Why I Love Kafka's Design

We are taught to revere the interface. As long as you build the right abstractions, we’re told, how you actually store the data is an implementation detail that can be fixed up later. Just make a clean API that has a clear division of responsibilities, and you will be fine. I’ve heard this time and time again, particularly in reference to initial implementations of APIs that worked fine for N=100, but that we intended to “scale up later” to handle a thousand times that (it wasn’t wishful startup thinking — we already had those use cases).

The problem is that for non-trivial applications, we often can’t know what the “right abstractions” are until we understand our data at the desired scale. One of my favorite examples of this is Kafka, an open source messaging system originally developed at LinkedIn.

Poor First Impressions

When I first encountered Kafka four years ago, the server protocol made no sense to me. Things were poorly documented back then (those were early days), and I was trying to fix a bug in a Python client that was written in a hurry by someone that didn’t fully grok it either.

The interface was odd, you see. For instance, when you queried for messages, it was something like this: “Give me 500K of messages from topic ‘events’, partition #4, starting at offset 49,031,900,000.” The server would then give you back exactly 500K worth of message data. If 500K cuts off halfway through a message or header, that was the client’s problem.

This immediately offended my design sensibilities. As developers, we get abstraction and separation of concerns drilled into us all the time. Why was it forcing me to know all this? As a client, I shouldn’t care about low level details like the partition, and certainly not byte offsets. I should never have to worry about partial messages. I expected to be able to say, “Give me the next 500 messages from topic ‘events’.” This interface was clearly wrong.

Except that it wasn’t. Kafka is actually a brilliant example of what can be done when you look at the requirements and think hard about your data before rushing off to build a pretty abstraction.

Understanding the Data

Kafka’s design goals included durability and massive throughput. Durability meant that data had to be written to disk. Disk I/O is often seen as a performance killer, but the folks that designed Kafka recognized that it’s really the random seeks that hurt you. Sequential reads and writes are actually pretty fast, and operating systems will use gobs of RAM to cache that data for you.

So they basically opted for writing out messages as big log files. When a consumer makes a request for a topic and partition, that maps to a directory on the filesystem. The requested offset will let Kafka know what file to read, and what byte offset within that file to start from. You can get partial messages back because (and this is the awesome part), Kafka doesn’t ever need to actually read the content of the data it sends you. It uses the sendfile system call to send that data directly from the page cache to the network buffer without ever copying anything to user space.

This clever design allows them to scale up to millions of messages per second across a few cheap machines. It lets clients replay events, and it removes a lot of complexity from the core server code.

There are tradeoffs of course. The simple logfile mechanism means that there is no advanced message routing functionality as found in other messaging systems.
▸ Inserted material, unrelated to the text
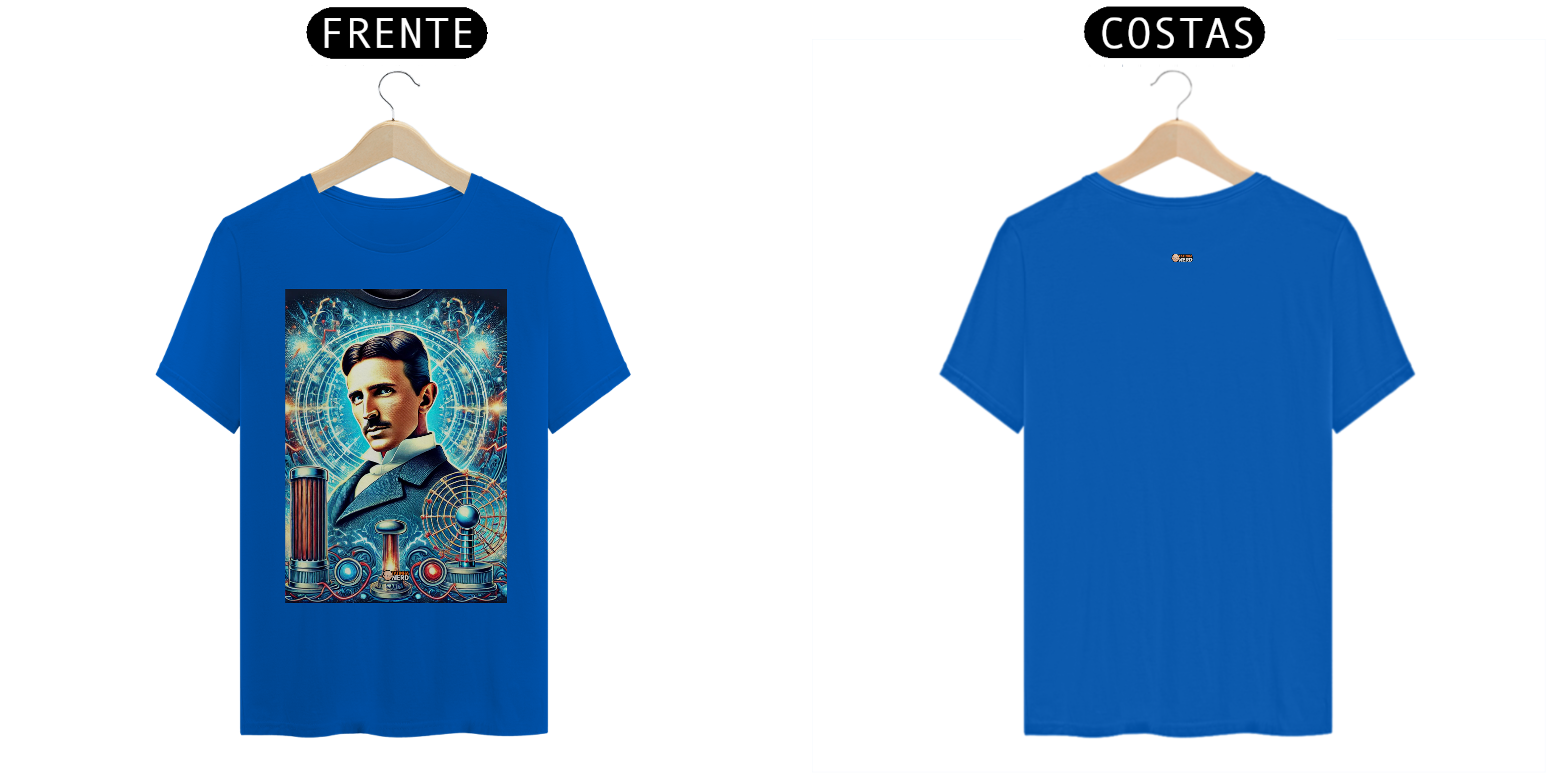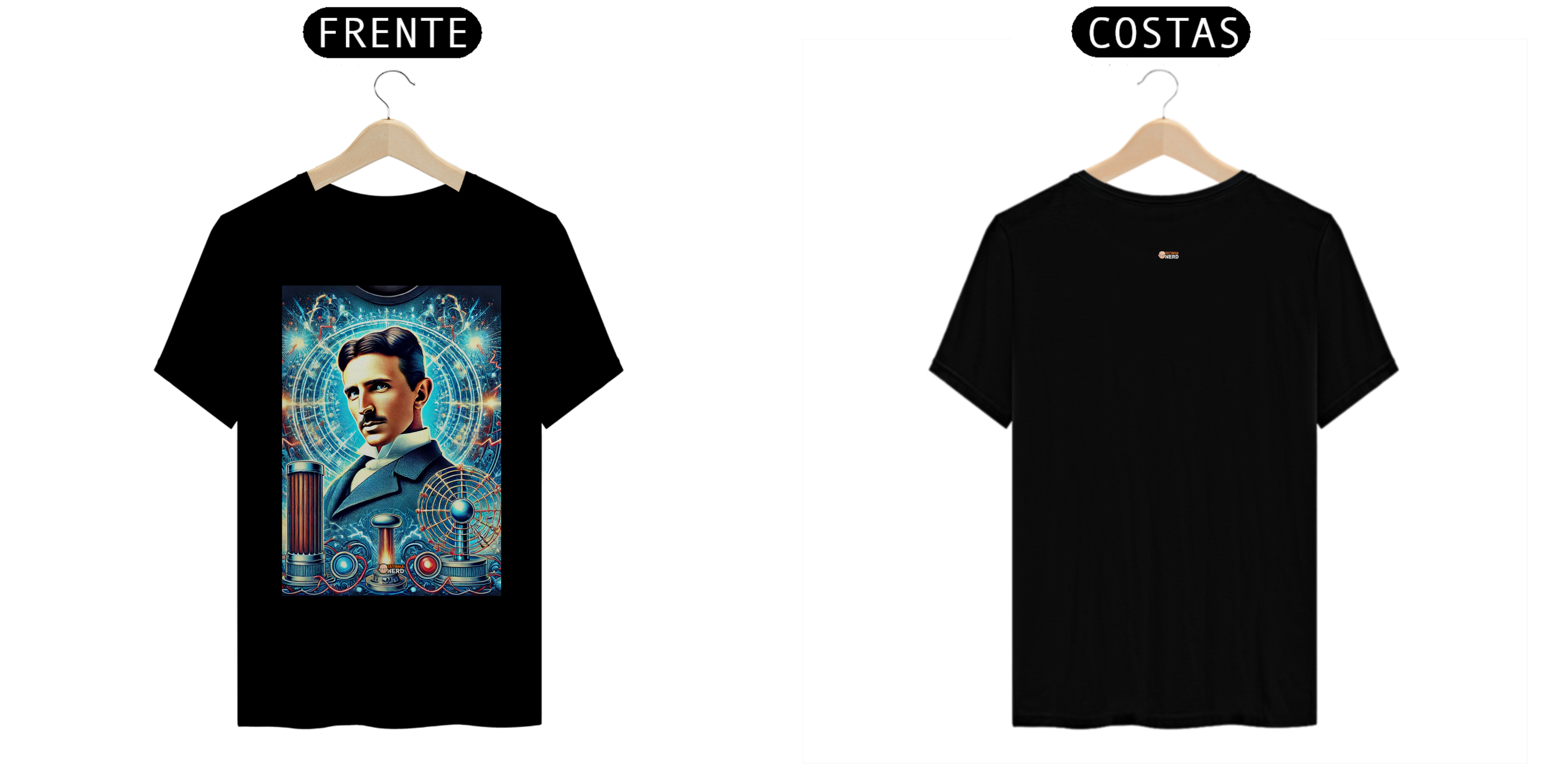 Se você admira a genialidade visionária de Nikola Tesla, essa camiseta é essencial para o seu guarda-roupa nerd! Com um design futurista e eletrizante, essa estampa traz um dos maiores inventores da história, responsável por inovações revolucionárias como a corrente alternada, a bobina de Tesla e avanços na eletricidade sem fio.

Consumers have to do a lot more bookkeeping, and there is a Zookeeper orchestration layer that advanced clients have to know to coordinate with each other. It’s also just not very pretty. But it scales insanely well, and that’s a perfectly valid tradeoff to make.

The Lesson I Took Away

Reality is not a hack you’re forced to deal with to solve your abstract, theoretical problem.

Reality is the actual problem.

— Mike Acton, Data-Oriented Design and C++

Kafka’s interface is what it is because that’s the way disks and operating systems work in the real world. It’s not the most elegant or featureful of APIs, but they could not have arrived at a solution that met their goals nearly so well if they had started with an ideal interface and figured out the data store later.

Our job as software developers is to design and implement systems that meet various business requirements while being reliable, maintainable, secure, and performant. Abstraction and elegance are highly desirable things that often further those goals, but they can be traded off against, just like anything else.

Web developers may not be working as close to the metal as Kafka, but we still have to deal with real data models in actual databases. Yet a lot of API design discussions just ignore this part as a low level concern and focus on abstract notions of elegance, or whatever API conventions are in vogue that year. It’s like we’re buying a house, all our debates focus on the paint and the lawn, and the question of whether we can make the mortgage payments is a detail that we can worry about later because it takes too much effort to think about.

Usually, the rationale for this is that if you get the interface “right”, you can change the data model under it without disrupting everyone. So the API is the thing you have to commit to. But again, that ignores the fact that we won’t know if the API we’ve dreamed up is actually workable at larger scale. It also ignores one other inconvenient detail about data.

“We managed to migrate over our data earlier than we thought we would.”

— No one, ever, in the history of software development.

If your system has any success at all, you will be stuck with your basic data model for far longer than anyone wants to admit to themselves. Data migration is a pain, and there’s always Something More Important to work on.

The real takeaway for me was that the data model is not a second-class citizen. Data gets to push back on API design. The more scale matters, the bigger say it has.